**YOUR INSTRUCTIONS**. Skip the pictures. Give all the data again exactly.

**INPUT DATA**.
== == ==
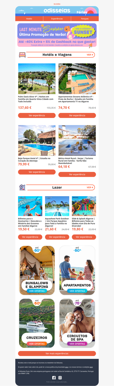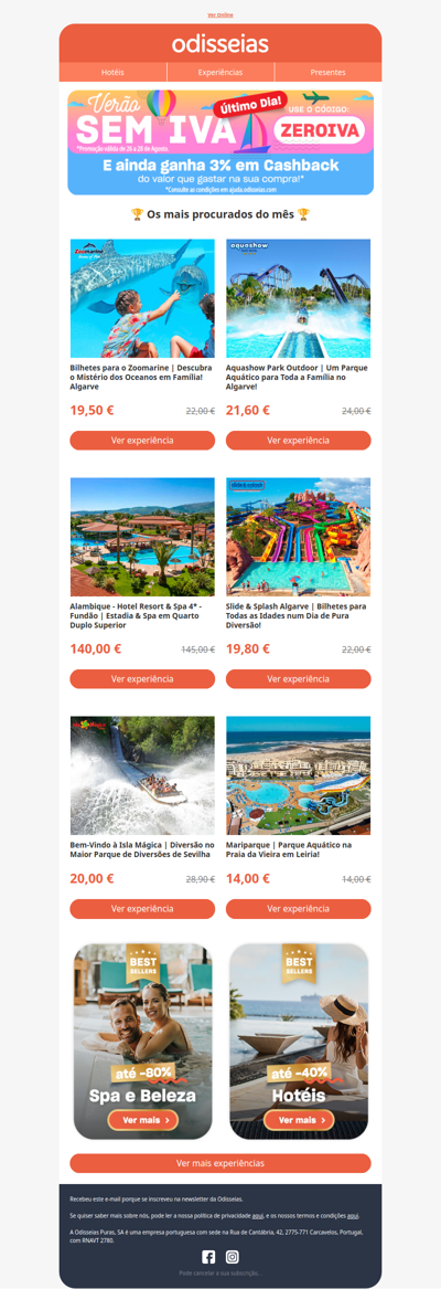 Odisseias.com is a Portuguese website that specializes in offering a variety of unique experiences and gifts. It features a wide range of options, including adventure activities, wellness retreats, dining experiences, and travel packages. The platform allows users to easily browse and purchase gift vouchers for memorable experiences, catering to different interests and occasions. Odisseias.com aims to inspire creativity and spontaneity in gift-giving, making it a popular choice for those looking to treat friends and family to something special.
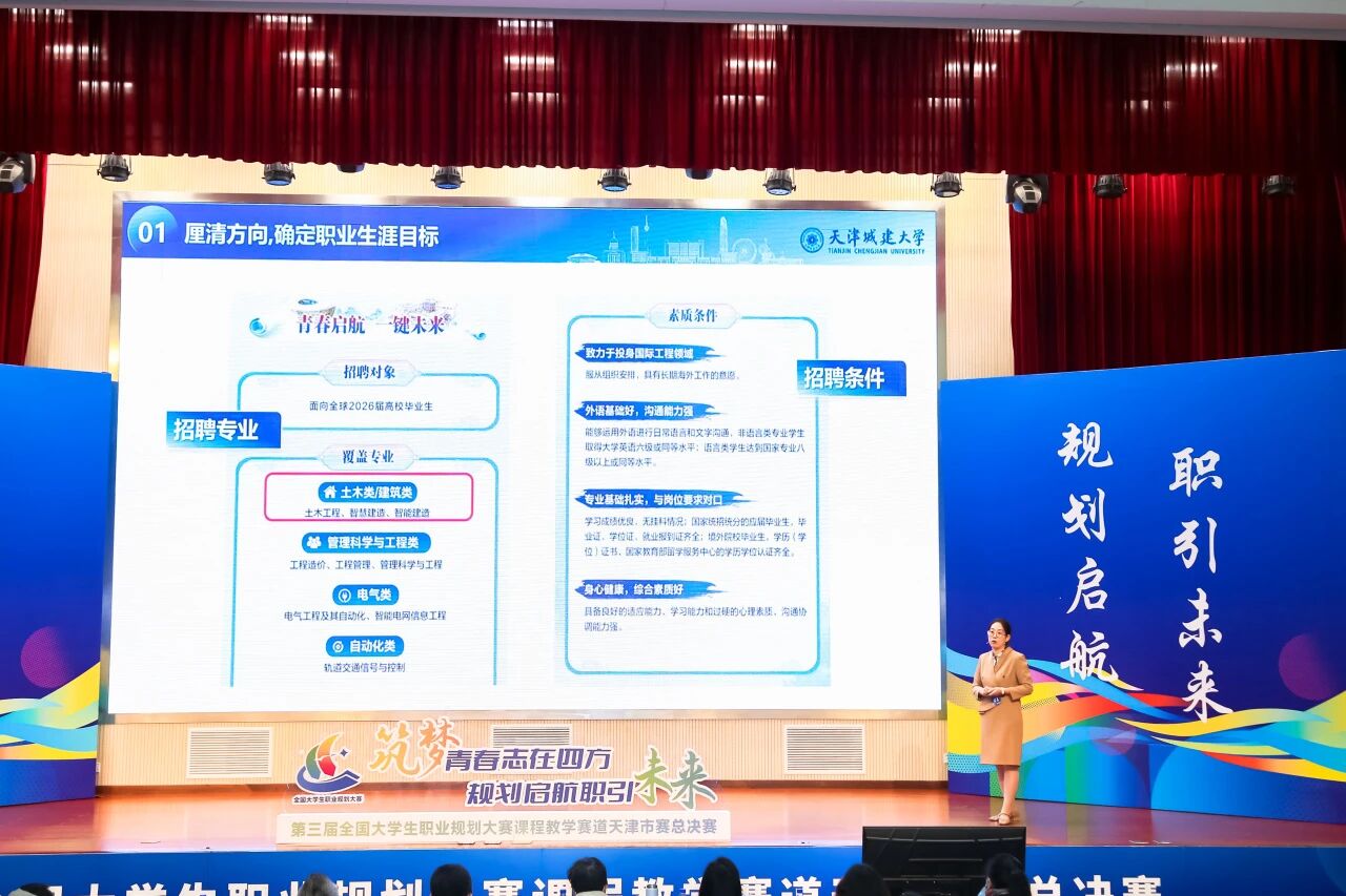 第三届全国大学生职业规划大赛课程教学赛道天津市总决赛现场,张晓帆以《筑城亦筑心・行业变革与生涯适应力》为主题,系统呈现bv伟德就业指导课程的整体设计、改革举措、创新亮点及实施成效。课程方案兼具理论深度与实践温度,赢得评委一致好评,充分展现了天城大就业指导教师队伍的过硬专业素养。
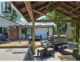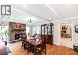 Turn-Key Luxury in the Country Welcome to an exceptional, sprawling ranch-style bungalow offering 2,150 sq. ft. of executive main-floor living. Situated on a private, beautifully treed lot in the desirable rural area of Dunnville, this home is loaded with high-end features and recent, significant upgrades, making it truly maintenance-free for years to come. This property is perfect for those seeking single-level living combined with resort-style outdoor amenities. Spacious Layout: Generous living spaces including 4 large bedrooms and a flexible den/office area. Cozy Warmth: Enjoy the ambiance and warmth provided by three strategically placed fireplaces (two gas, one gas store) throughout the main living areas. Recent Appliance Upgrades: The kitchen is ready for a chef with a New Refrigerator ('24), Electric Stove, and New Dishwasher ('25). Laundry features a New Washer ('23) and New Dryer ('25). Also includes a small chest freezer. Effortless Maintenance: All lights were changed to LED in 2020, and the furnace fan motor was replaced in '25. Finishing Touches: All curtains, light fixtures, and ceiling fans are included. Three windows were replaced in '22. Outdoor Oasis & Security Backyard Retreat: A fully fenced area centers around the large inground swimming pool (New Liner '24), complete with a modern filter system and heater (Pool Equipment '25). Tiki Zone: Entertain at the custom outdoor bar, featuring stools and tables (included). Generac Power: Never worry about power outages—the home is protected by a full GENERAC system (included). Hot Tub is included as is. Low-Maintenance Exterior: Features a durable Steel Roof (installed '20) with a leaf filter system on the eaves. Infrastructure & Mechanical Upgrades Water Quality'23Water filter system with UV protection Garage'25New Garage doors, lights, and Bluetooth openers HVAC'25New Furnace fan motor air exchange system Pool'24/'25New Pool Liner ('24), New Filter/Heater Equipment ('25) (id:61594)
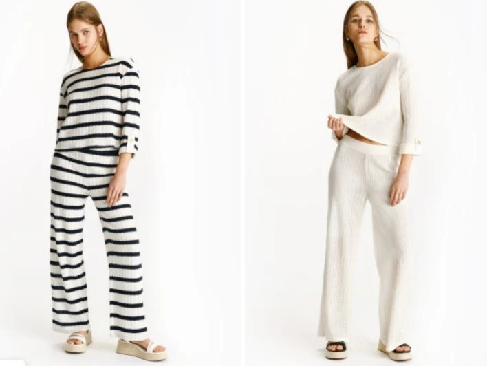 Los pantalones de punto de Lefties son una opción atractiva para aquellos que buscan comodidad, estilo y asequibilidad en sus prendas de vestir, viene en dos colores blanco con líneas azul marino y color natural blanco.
== == ==
**ANSWER FOR THIS EXERCISE**.
 Odisseias.com is a Portuguese website that specializes in offering a variety of unique experiences and gifts. It features a wide range of options, including adventure activities, wellness retreats, dining experiences, and travel packages. The platform allows users to easily browse and purchase gift vouchers for memorable experiences, catering to different interests and occasions. Odisseias.com aims to inspire creativity and spontaneity in gift-giving, making it a popular choice for those looking to treat friends and family to something special.
 第三届全国大学生职业规划大赛课程教学赛道天津市总决赛现场,张晓帆以《筑城亦筑心・行业变革与生涯适应力》为主题,系统呈现bv伟德就业指导课程的整体设计、改革举措、创新亮点及实施成效。课程方案兼具理论深度与实践温度,赢得评委一致好评,充分展现了天城大就业指导教师队伍的过硬专业素养。
 Turn-Key Luxury in the Country Welcome to an exceptional, sprawling ranch-style bungalow offering 2,150 sq. ft. of executive main-floor living. Situated on a private, beautifully treed lot in the desirable rural area of Dunnville, this home is loaded with high-end features and recent, significant upgrades, making it truly maintenance-free for years to come. This property is perfect for those seeking single-level living combined with resort-style outdoor amenities. Spacious Layout: Generous living spaces including 4 large bedrooms and a flexible den/office area. Cozy Warmth: Enjoy the ambiance and warmth provided by three strategically placed fireplaces (two gas, one gas store) throughout the main living areas. Recent Appliance Upgrades: The kitchen is ready for a chef with a New Refrigerator ('24), Electric Stove, and New Dishwasher ('25). Laundry features a New Washer ('23) and New Dryer ('25). Also includes a small chest freezer. Effortless Maintenance: All lights were changed to LED in 2020, and the furnace fan motor was replaced in '25. Finishing Touches: All curtains, light fixtures, and ceiling fans are included. Three windows were replaced in '22. Outdoor Oasis & Security Backyard Retreat: A fully fenced area centers around the large inground swimming pool (New Liner '24), complete with a modern filter system and heater (Pool Equipment '25). Tiki Zone: Entertain at the custom outdoor bar, featuring stools and tables (included). Generac Power: Never worry about power outages—the home is protected by a full GENERAC system (included). Hot Tub is included as is. Low-Maintenance Exterior: Features a durable Steel Roof (installed '20) with a leaf filter system on the eaves. Infrastructure & Mechanical Upgrades Water Quality'23Water filter system with UV protection Garage'25New Garage doors, lights, and Bluetooth openers HVAC'25New Furnace fan motor air exchange system Pool'24/'25New Pool Liner ('24), New Filter/Heater Equipment ('25) (id:61594)
 Los pantalones de punto de Lefties son una opción atractiva para aquellos que buscan comodidad, estilo y asequibilidad en sus prendas de vestir, viene en dos colores blanco con líneas azul marino y color natural blanco.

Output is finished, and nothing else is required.